• [What is needed]:
Set every record down verbatim and omit the pictures.

==== Task input

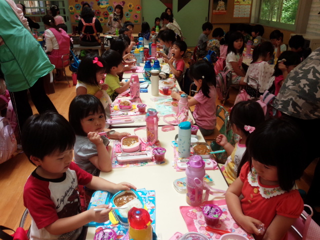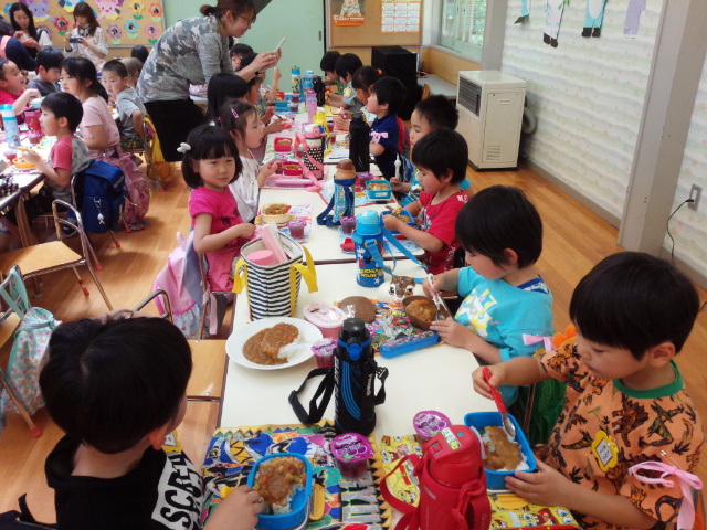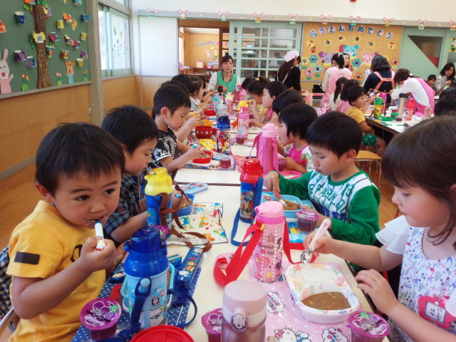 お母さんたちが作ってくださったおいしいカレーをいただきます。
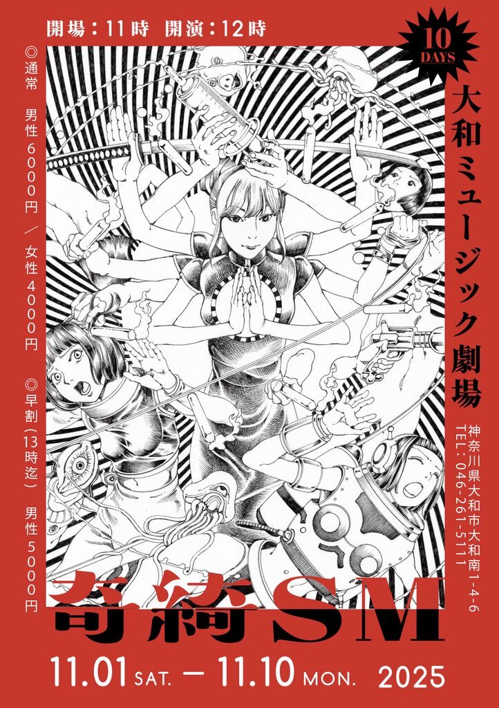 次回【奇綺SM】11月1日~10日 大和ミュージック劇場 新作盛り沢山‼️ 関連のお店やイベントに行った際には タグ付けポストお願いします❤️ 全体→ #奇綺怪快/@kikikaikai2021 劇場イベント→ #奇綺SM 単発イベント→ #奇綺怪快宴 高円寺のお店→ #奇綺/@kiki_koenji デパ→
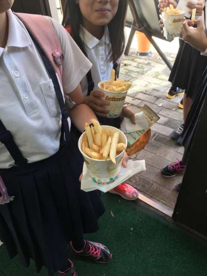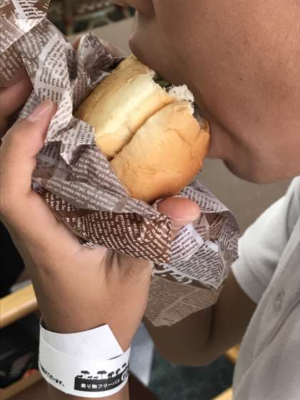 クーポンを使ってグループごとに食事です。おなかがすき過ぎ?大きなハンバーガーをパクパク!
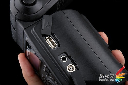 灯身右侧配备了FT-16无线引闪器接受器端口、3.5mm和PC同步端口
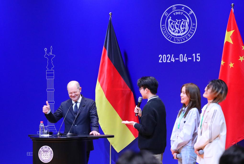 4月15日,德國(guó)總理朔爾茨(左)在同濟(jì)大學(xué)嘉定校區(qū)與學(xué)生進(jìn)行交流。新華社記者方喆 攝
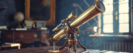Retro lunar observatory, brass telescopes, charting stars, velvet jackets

========

• [Solution for this problem]:
 お母さんたちが作ってくださったおいしいカレーをいただきます。
 次回【奇綺SM】11月1日~10日 大和ミュージック劇場 新作盛り沢山‼️ 関連のお店やイベントに行った際には タグ付けポストお願いします❤️ 全体→ #奇綺怪快/@kikikaikai2021 劇場イベント→ #奇綺SM 単発イベント→ #奇綺怪快宴 高円寺のお店→ #奇綺/@kiki_koenji デパ→
 クーポンを使ってグループごとに食事です。おなかがすき過ぎ?大きなハンバーガーをパクパク!
 灯身右侧配备了FT-16无线引闪器接受器端口、3.5mm和PC同步端口
 4月15日,德國(guó)總理朔爾茨(左)在同濟(jì)大學(xué)嘉定校區(qū)與學(xué)生進(jìn)行交流。新華社記者方喆 攝
Retro lunar observatory, brass telescopes, charting stars, velvet jackets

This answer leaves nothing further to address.